Obesity is a trait that runs through families. This finding is at the heart of an intensive, behavioral, family-based treatment developed by University at Buffalo researchers for obese children and their parents.
Previously exclusively available in specialist clinics, this evidence-based treatment has now been deployed for the first time in a multicenter study conducted in four U.S. cities in children ages 6 to 12 in the primary care setting, where the vast majority of children receive care.
The study, which was published online June 13 in the Journal of the American Medical Association (JAMA), shows that family-based obesity therapy at the pediatrician’s office leads to better weight-loss outcomes for the treated kid and parent, as well as untreated siblings.
“This research shows that the healthy behaviors the treatment promotes extend beyond the parent and child being treated to potentially make the whole family healthier,” says David C. Goff Jr., MD, Ph.D., director, Division of Cardiovascular Sciences, NHLBI. “What’s more, the fact that this weight-loss study was implemented during the COVID-19 pandemic, when many adults and children gained weight, is noteworthy.”
The study discovered that three times as many children in the therapy group (27%) as in the usual care group (9%) experienced a clinically relevant reduction in BMI linked with improved cardiometabolic outcomes such as blood pressure, lipids, and glucose regulation.
Family Plays a Vital Role
“Our study is the first to test family-based treatment in primary care for children 6–12 years old and it worked for the child, for parents and even for their untreated siblings,” says Leonard H. Epstein, Ph.D., senior author, SUNY Distinguished Professor and chief of the Division of Behavioral Medicine in the Department of Pediatrics in the Jacobs School of Medicine and Biomedical Sciences at UB.
Epstein is widely regarded as the father of this behavioral, evidence-based, family-centered approach to pediatric obesity.
“The success of this novel and powerful family-based treatment of childhood obesity, which Dr. Epstein and his colleagues have developed, helps ensure the health of these children,” says Allison Brashear, MD, vice president for health sciences and dean of the Jacobs School. “It will not only impact them today but going forward as they adopt healthy practices for the rest of their lives.”
The present study expands on Epstein and colleagues’ previous work in the primary care setting, which was conducted by Teresa Quattrin, MD, UB Distinguished Professor in the Department of Pediatrics and senior assistant dean for research integration at the Jacobs School.
Quattrin, who was also a co-author on the JAMA paper, had successfully adapted this treatment for preschool obese children and parents in the primary care setting, demonstrating that outcomes for preschool-aged children who are overweight improve when both the parent and the child are treated, as opposed to only the child.
Multiple people Benefits
“Many families with obesity have multiple obese children, as well as parents with obesity,” says Epstein, “but traditional treatment for childhood obesity only focuses on the child; it may provide ideas about healthier foods and the recommendation to be more active, but the parent is never an active target for intervention, nor is the parent taught positive parenting.”
The standard treatment also does not focus on modifying behaviors and is not provided by specialists trained in behavior therapy.

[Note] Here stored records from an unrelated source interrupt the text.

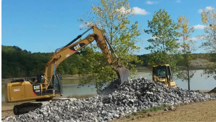
Saint-Pierre-d'Aubézies - Les travaux de la digue ont commencé

Prévus l'an passé mais repoussés faute de mauvais temps, les travaux d'enrochement de la digue du lac Saint-Jean ont enfin pu débuter ces jours-ci avec des conditions climatiques idéales.
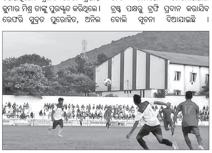
ଗୁରୁବାର ଅନୁଷ୍ଠିତ ବିତୀୟ ସେମି ଫାଇନାଲ ମ୍ୟାଚର ଏକ ଦୃଶ୍ୟ ।
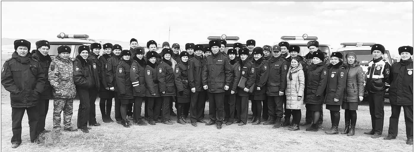
Личный состав отдела на учениях. 2019 г.

10 ноября профессиональный праздник отмечают сотрудники ОМВД России по Бичурскому району. Выбрав профессию полицейского, они приняли на себя ответственность за безопасность населения, обеспечение прав и свобод, защиту законных интересов граждан.
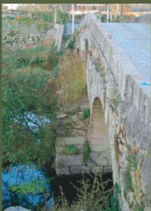
Ponte de Arcos

A PR 01 está devidamente assinalada segundo as regras internacionais que regulam a atividade pedestrianista. Em locais de maior relevância patrimonial existem painéis informativos que localizam o visitante.
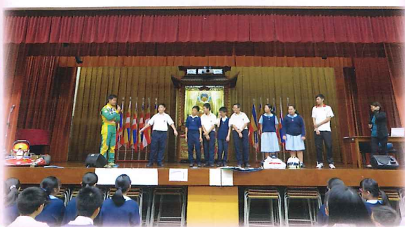
週會講座 「人生方程式」
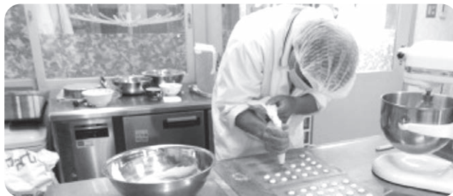
心を込めた手作りクッキー♡
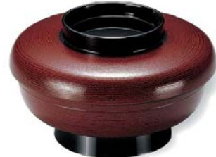
7-208-10 (38050510) ¥2,700 溜刷毛目内黒 A
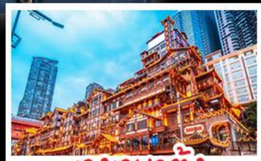
แสงฉายตัง
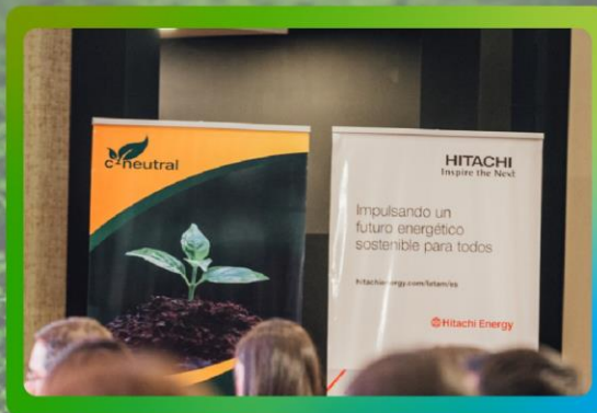
Pendón Rollup en el evento académico
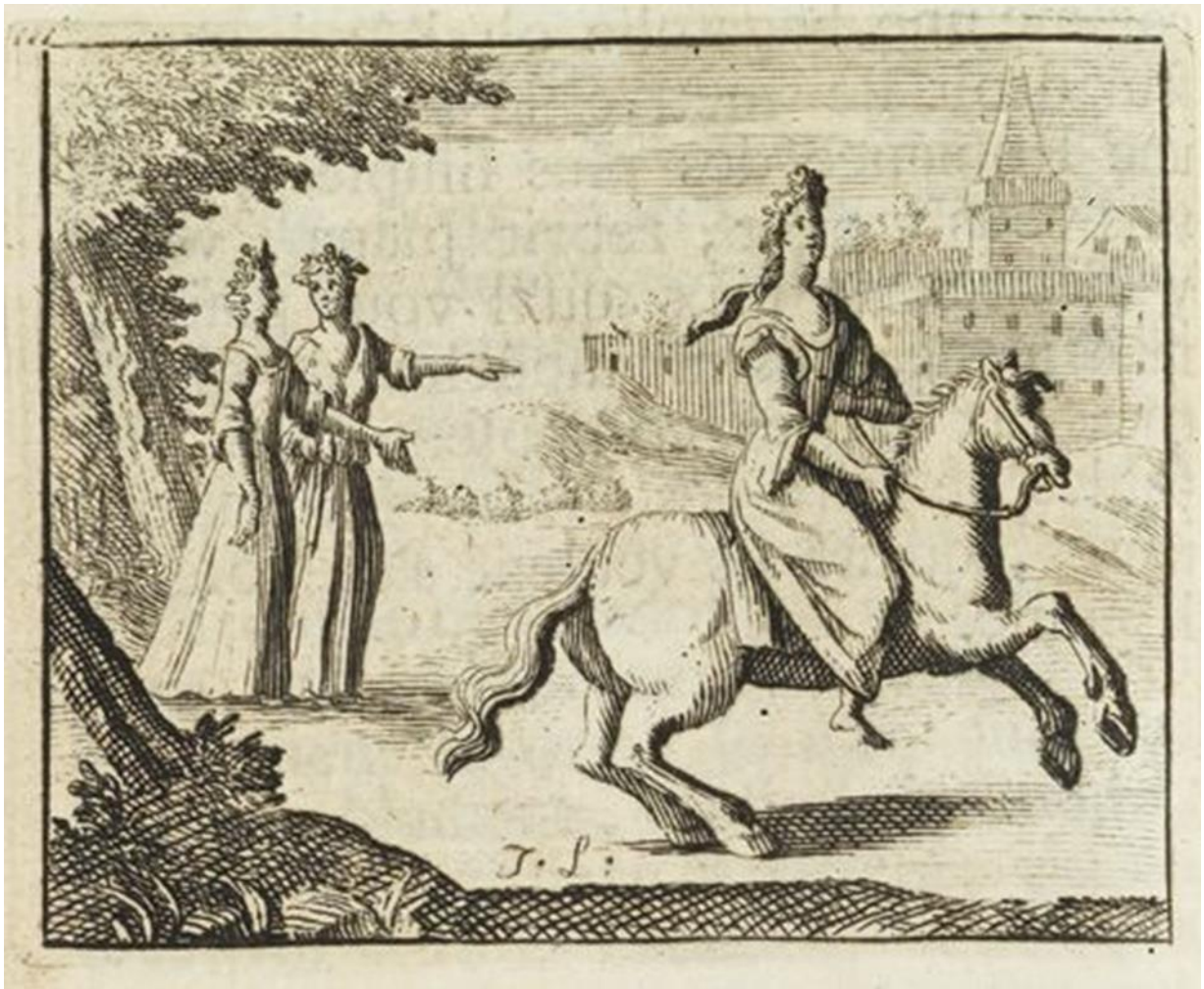
Ill. 5. Jean Lamsvelt, Le Cabinet des fées , Amsterdam, Marc Michel Rey, entre 1708 et 1754.

Dans cette illustration, Finette est représentée à cheval, regardant droit devant elle et laissant derrière elle ses deux sœurs qui la pointent du doigt. Celles-ci ne tournent pas leur regard vers Finette mais se regardent entre elles. De fait, nous pouvons remarquer que dans nos trois illustrations, le thème de la vue pose question. Les yeux sont soit entièrement cachés, dans le cas de l'homme au chapeau, soit à moitié représentés, comme dans le cas de l'envieuse montrée de profil. Dans la première et dernière illustration, le regard ne se dirige pas vers l'objet qui suscite l'envie, en témoignent le trio central dans l'allégorie du XV e siècle et les sœurs de Finette dans cette gravure. De plus, les mêmes gestes apparaissent, les envieux pointent du doigt l'envié ou tendent leur bras vers lui. Nous pouvons aussi noter que les envieux sont représentés à droite, et les envieux à gauche, la gauche étant associée au Diable et, par conséquent, à ce qui lui est lié, en l'occurrence, les péchés. Presque trois siècles séparent ces illustrations, mais les mêmes thèmes reviennent pour représenter l'envie.
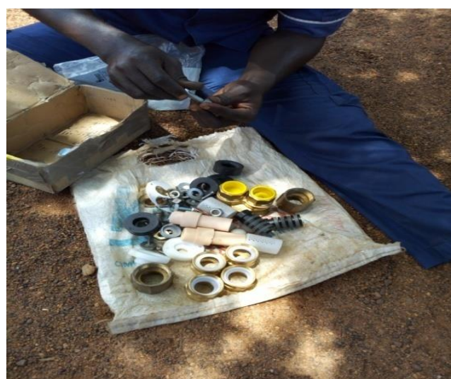
Une vue des nouvelles pièces acquises par le technicien

Il faut souligner qu'il n'était pas question de réparer une quelconque pièce défectueuse mais plutôt de la remplacer car selon le technicien, les pompes sont restées longtemps sans entretien (depuis 2013). Ainsi plusieurs éléments comme les pistons, les bagues, les joints, boudruche... Ont été remplacés par de nouvelles pièces rendant alors les 02 pompes de Daobly fonctionnelles. L'eau potable est désormais disponible pour la communauté de Daobly. Elle (communauté) était toute en joie au vu des premières gouttes d'eaux jaillissant des pompes. Le chef du village a profité de notre présence pour remercier le PNUD et l'ONG Kouadi. Aujourd'hui, lundi 07 Mai 2018 , restera un jour mémorable pour lui et sa communauté car depuis le mois de Janvier 2018, l'eau potable a cessé de couler à Daobly.
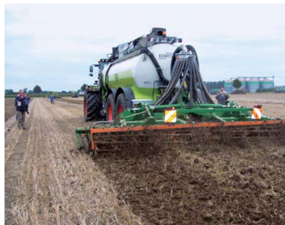
Emissionsmindernde Ausbringtechnik für Wirtschaftsdünger
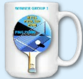
2ème tournoi de ping-pong

"Bon à savoir" : * Conférences sur des questions de nos immeubles peu connus - conjointement avec le Vaad Habayit
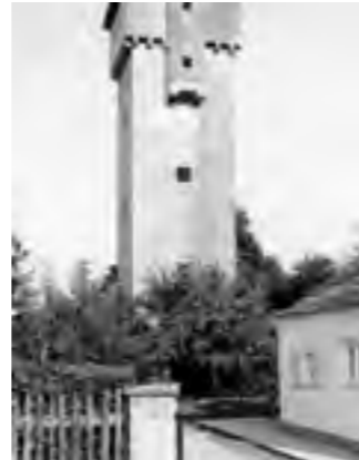
Wasserturm von 1912.
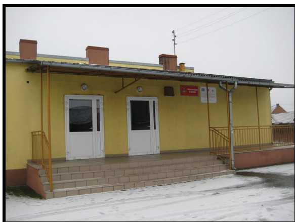
Świetlica wiejska oraz remiza OSP
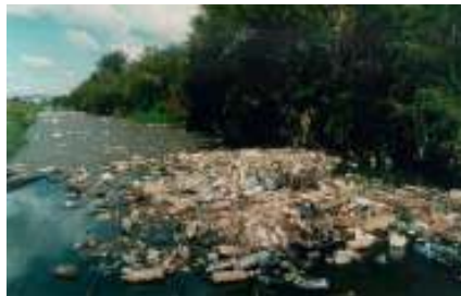
Poluição dos recursos hídricos
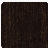
H3043 ST12 Eukalyptus tmavě hnědý Povrchová struktura Omnipore Matt
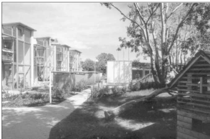
Solarhaus Wulzendorfstraße Wien: Wohnen mit der Sonne

Die bauliche Struktur an den für den Verkehr optimierten Standorten sollte durch die Orientierung der Gebäude zur Sonne bestimmt werden, um einen größtmöglichen Wärmegehalt durch Solararchitektur zu erzielen. Wo sich aus städtebaulichen Gründen eine andere Orientierung ergibt, sollen die Verluste durch Niedrigenergiebauweise minimiert werden. Auch hier bringen kompakte mehrgeschossige Gebäude durch ihren geringen Grundenergieverbrauch Vorteile gegenüber Einfamilienhäusern.
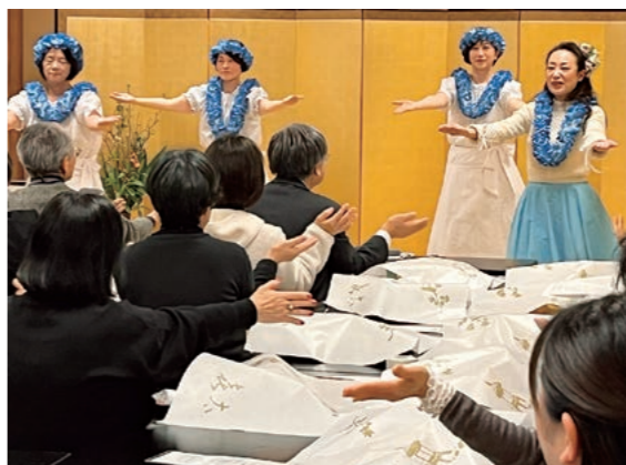
手ぶりを真似てフラと一緒に踊りました。

年明けの能登半島地震からひと月が過ぎ、お互いの無事を確かめ合う一席となりました。また、被災地支援の話題から、思わぬご縁が繋がる一幕もあり、商工会議所女性会としてより交流を深めることが出来たように思います。
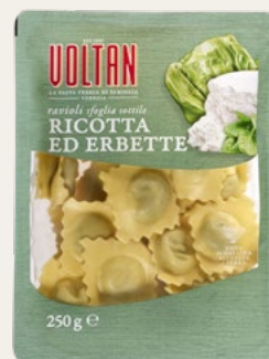
RAVIOLI RICOTTA ED ERBETTE Sfoglia sottile 250g
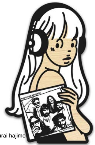
“Hip & Square” ©saakurai hajime

また、キャッチーでファッショナブルな作風でコミッションワークの依頼も多く、大型ファッション商業施設、音楽フェス、ファッションブランド、食品パッケージや、公私ともに親しいミュージシャン NONA REEVESのアルバムジャケットなど幅広い分野で活躍をしています。
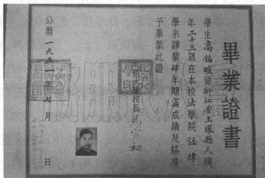
1951年7月，北京大学法律本科毕业证书

光灿等专家，先后起草了两个刑法文本：1950年7月的《中华人民共和国刑法大纲草案》和1954年9月的《中华人民共和国刑法指导原则（初稿）》。因为各种原因，这两个文本都未曾公开向社会征求意见，也没有正式进入立法程序。1954年9月，第一届全国人民代表大会第一次会议上，通过了第一部《中华人民共和国宪法》（以下简称《宪法》）和5个组织法。全国人大决定刑法起草工作正式由全国人大常委会办公厅法律室负责。彭真同志当选为第一届全国人大常委会副委员长兼秘书长，刑法起草和法律室的工作归他领导。
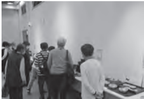
学んで見て触れて 陶器の魅力再発見
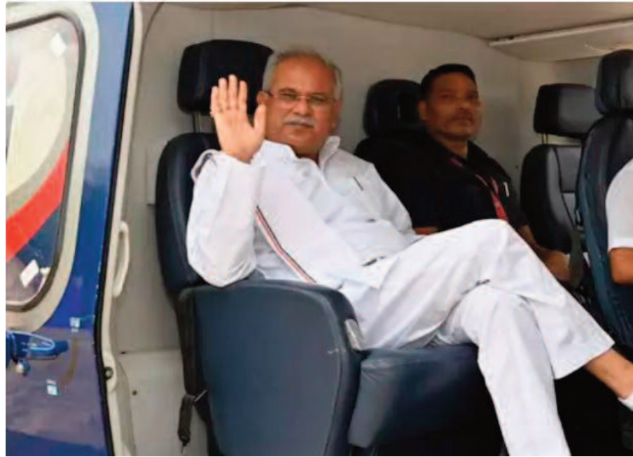
योजनाएं लेकर आई है। प्याज के रेट देखकर भी आसू आने लगे हैं। कांग्रेस ने घोषणा पत्र में गैस सिलेंडर 500 सब्सिडी देने की बात कही है। 107 रुपए उज्ज्वला योजना के तहत लोगों को पड़ेगा।

रायपुर, 09 नवम्बर 2023 (ए)। छत्तीसगढ़ में चुनावी माहौल के बीच सियासी पारा चढ़ता ही जा रहा है। भाजपा और कांग्रेस के नेताओं के बीच आरोप प्रत्यारोप का दौर जारी है। इस बीच सीएम भूपेश बघेल ने महंगाई और भाजपा नेताओं के बयान पर निशाना साधा है। उन्होंने सांसद रवि किशन के बुलडोजर वाले बयान पर कहा, पूरी स्क्रिप्ट लिखी जा रही है। रमन सिंह के साथ पहले दो अधिकारी थे, वह अडानी के संपर्क में हैं। वही लोग स्टोरी प्लान कर रहे हैं और इसी हिसाब से कार्रवाई हो रही है। बदनाम करने की साजिश और गिरफ्तारी भी चल रही है। ईडी और आईटी के माध्यम से चुनाव लड़ा जा रहा है। असम के सीएम के बयान पर भी पलटवार करते हुए सीएम ने कहा कि नया मूह्व है ज्यदा प्याज खाएगा। अभी-अभी कांग्रेस छेड़कर भाजपा में गया है। निर्वाचन आयोग में
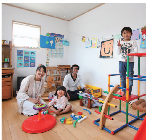
長男R君の子供部屋ももちろんもみの木フロア。人体に有害といわれるプラスイオンを吸着し、逆にリラックス効果をもたせるマイナスイオンを発生させる健康塗り壁を使用しています。R君が毎日すくすくと育っていることがこのお部屋から伝わります。
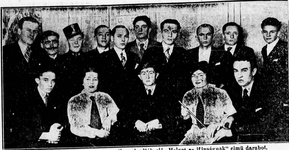
A Nyilastelepi Kulturházban nagy sikerrel adták elő „Helyet az ifjúságnak” című darabot.

— Bibliaköri híradás. A Kossuth uccai egyházzrés kezében működő női bibliakör összejöveleleit minden hó első keddjén, délután öt órakor tartja a régi Dóczy intézet rajztermében, (Kossuth ucca 33.) első összejövelelét ma, kedden délután öt órakor rendezi meg. Ez összejövelelen bibliát magyaráz s állandóan vezeti Baja Mihály lelkipásztor. Az egyházzrés vezetősége ezuton is szeretettel hívja meg az egyházzrés minden érdeklődő női tagját s vendégeket is szívesen lát. A bibliaköri órákán megbeszélések tartanak.
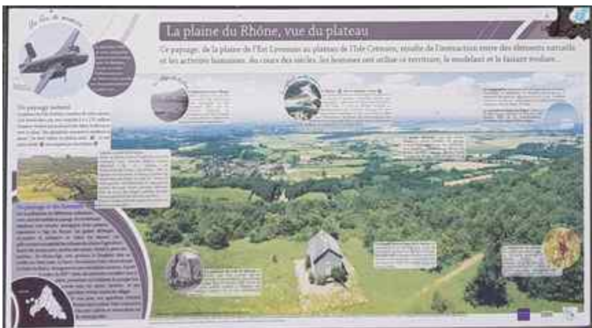
L'étang de la Roche et ses cyprès.

Itinéraire 6 km en boucle dénivelé 210 m.
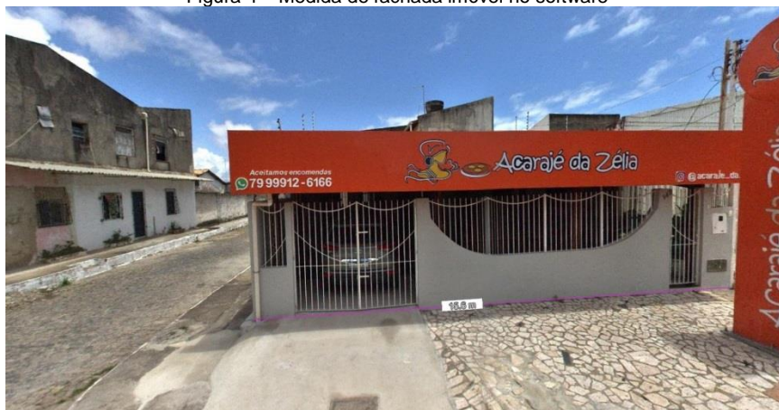
Figura 4 – Medida de fachada imóvel no software
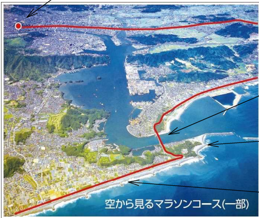
空から見るマラソンコース(一部)
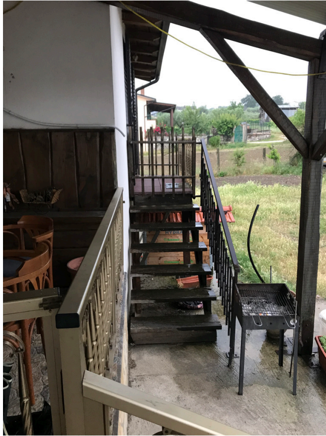
Unità piano primo - Scala accesso esterno snr
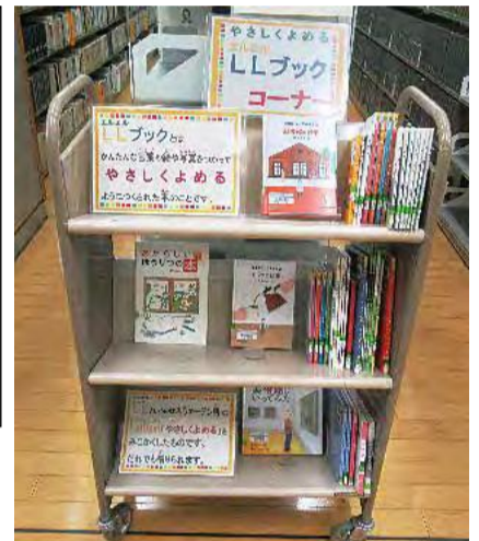
中央図書館LLブックコーナー

○の本やサービスは、どなたでも利用できます。 *の本やサービスは、お住まいや障害の級などに利用の条件があります。詳しくは、下記までお問い合わせください。
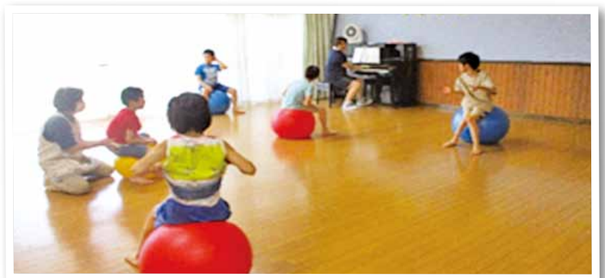
放課後等デイサービスの音楽運動療法の様子
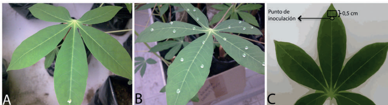
Figura 1. A. Método de inoculación utilizada de plantas de yuca ( Manihot esculenta Crantz) en los ensayos de histología. B. Método de inoculación de las hojas utilizadas en los ensayos de transcriptómica. En ambos casos, se colocaron 10 μl del cultivo bacteriano una DO_{600nm} = 0,2 en cada punto de inoculación. C. Esquema del experimento de la evaluación fenotípica microscópica de la enfermedad. Para seleccionar el tejido empleado en los cortes de parafina se hizo un corte en forma de cuadrado tangencial al punto de inoculación

Construcción del microarreglo de ADNc. Los microarreglos se construyeron a partir de colonias que contienen los insertos de ADNc de cada uno de los 5.700 genes únicos (López et al. 2004, López et al. 2005). Estas bacterias se encuentran organizadas en 14 placas de 384 pozos y se encuentra disponible en el CIAT. Los insertos fueron amplificados por PCR a partir de los clones de bacteria. Los productos de PCR se secan y se resuspendieron en buffer de impresión (NaCl 0,45 M, citrato de sodio 0,045 M y betaína 1,5 M) y finalmente se transfirieron a placas de 384 pozos para ser impresos sobre láminas de vidrio cubiertas con poly-L-lisina (ThermoScientific, Waltham, MA, U. S. A.) usando un pin de 6X4 del SPBIO Microarray Spotting Station ubicado en el CIAT. El ADN de los microarreglos se denaturó al ubicar la lámina de vidrio sobre una plancha caliente
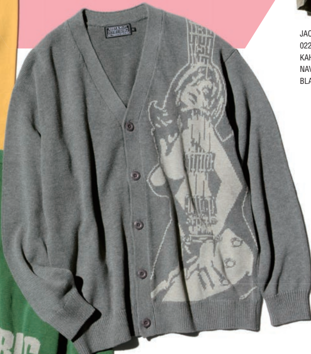
KNIT CARDIGAN 02261ND01 / ¥36,300 GRAY / GREEN / BLACK
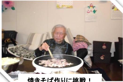
焼きそば作りに挑戦！
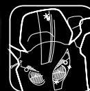
4 INSECT REMOVER
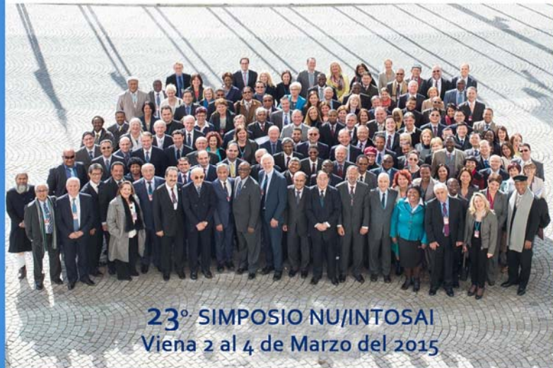
23° SIMPOSIO NU/INTOSAI Viena 2 al 4 de Marzo del 2015
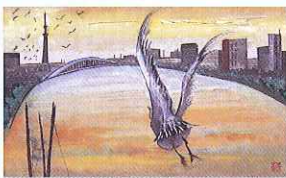
② 鈴木義明「暮れなむ都鳥」
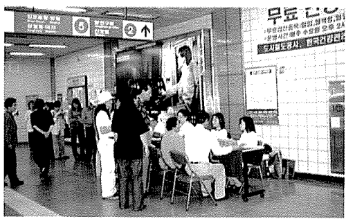
▲ 서울지부는 화곡·까치산 전철역 이용시민, 봉천초등학교, 노량진초등학교생 등 시민 및 중식지원 학생 1,100여명을 대상으로 무료 건강검진을 실시했다.

한국건강관리협회는 모든 분들의 건강을 위해 봉사와 희생의 정신으로 일하고 있습니다. 지난 6월 한달 동안에도 1만 2천여명에게 무료 건강검진과 건강상담을 실시하여 아름다운 만남을 실천하였습니다.
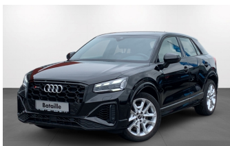
Bataille Service neu erleben
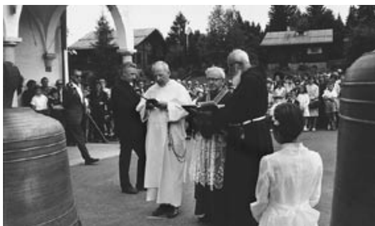
Die Glocken wurden am 8. August 1965 durch Generalvikar Soliva unter grosser Teilnahme der Bevölkerung geweiht.
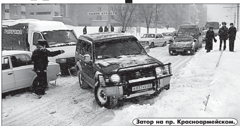
Затор на пр. Красноармейском.

В пятницу, 29 ноября, Барнаул, оказавшись в центре циклона, был буквально засыпан снегом. Метель началась с вечера 28 ноября, однако ничто не предвещало неожиданности. То-то же удивились горожане, пытаясь утром выйти из своих подъездов - громадные сугробы буквально запирали двери!
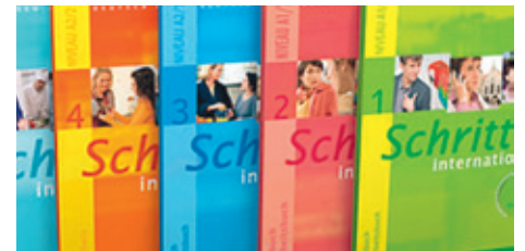
■ Při výuce německého jazyka pracují lektori studia také s těmito učebnicemi, které používají i na mnohých školách. Ilustrační foto

V PRIMA jazykovém studiu lze kdykoliv během roku začít také s individuální výukou.
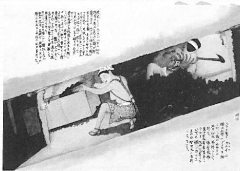
▲炭丈六〇センチ以下の切羽での採炭
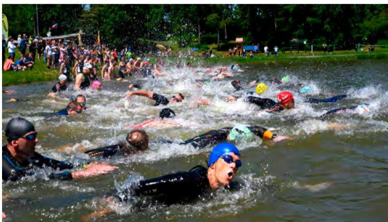
Brušperský extrémní triatlon se letos konal podvacáté.

Krásný závod, jehož dospělá kategorie čekaly disciplíny osm set metrů plavání, osmdesát kilometrů jízda na horském kole (trasa vedla i okolo Dolu Staříč) a čtyřkilometrového běhu, si nakonec užili všichni startující. „Důležité bylo, že se vše obešlo bez vážnějšího zranění, a tak můžeme s dobrým pocitem uzavřít dvacetiletou historii jednoho z nejpopulárnějších triatlonů v regionu,“ zakončil Holanik.
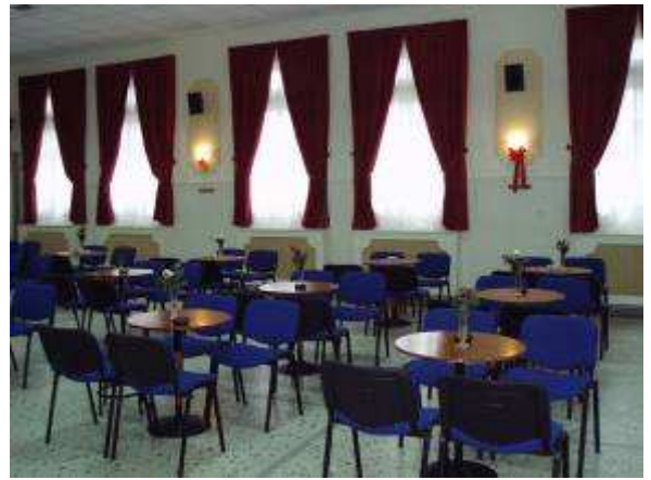
Εικ.81: Αίθουσα Ψυχαγωγίας

In the JAMA trial, the family-based treatment comprised diet and activity plans, parenting and behavioral methods teaching, and facilitation of support for positive behavior changes in both family and peer environments. Individualized sessions for parent and child included assessments of self-monitored food and activity levels, study of treatment manuals and handouts, and discussions about weight and behavior goal-setting.
For the first four months, families met weekly to learn the program, then bi-weekly, and finally monthly. The majority of therapy providers had prior experience dealing with families and a master’s degree in psychology, counseling, social work, or dietetics.
The study involved 452 children ages 6 to 12 years old with one parent in primary care clinics in Buffalo and Rochester, New York, Columbus, Ohio, and St. Louis, Missouri. Half of the children were randomly assigned to family-based treatment, while the other half received standard care; 27.2% were Black, 8.8% were Latinx, and 57.1% were white.
Children enrolled in the family-based treatment had a 6.48% difference in percent above median BMI compared to those receiving conventional care, while their parents had a 3.97% reduction and their untreated siblings who were overweight had a 5.38% reduction. The increases in percent above the median BMI among family members were connected, implying that the treatment results in modeling healthy habits as well as real change in the shared family environment.
“Family-based therapy is unique in using up-to-date behavioral treatments to teach parents and children methods to eat healthier and be more physically active, and in the process teach positive parenting,” says Epstein.
Primary care’coaches’
The current study’s success of behavioral interventions highlights what the authors see as an increasing demand for behavioral treatments in pediatric primary care in general.
The results of the study underscore the need for ‘coaches’ in the primary care setting who can help with obesity treatment as well as many other behavioral problems, such as anxiety, depression, eating disorders and a host of other issues which require psychological support and behavior modification,” says Quattrin, also a pediatric endocrinologist with UBMD Pediatrics.